#### [DATA EXTRACTS]

....

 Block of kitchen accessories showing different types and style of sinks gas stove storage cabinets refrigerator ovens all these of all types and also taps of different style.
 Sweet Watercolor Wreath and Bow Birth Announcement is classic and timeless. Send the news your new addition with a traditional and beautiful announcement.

....

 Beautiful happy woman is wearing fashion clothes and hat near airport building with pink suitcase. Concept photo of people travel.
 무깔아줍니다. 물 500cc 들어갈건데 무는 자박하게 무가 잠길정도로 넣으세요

....

All lines above containing the string "with" are to be collected.

#### [EXERCISE OUTPUT]
 Sweet Watercolor Wreath and Bow Birth Announcement is classic and timeless. Send the news your new addition with a traditional and beautiful announcement.
 Beautiful happy woman is wearing fashion clothes and hat near airport building with pink suitcase. Concept photo of people travel.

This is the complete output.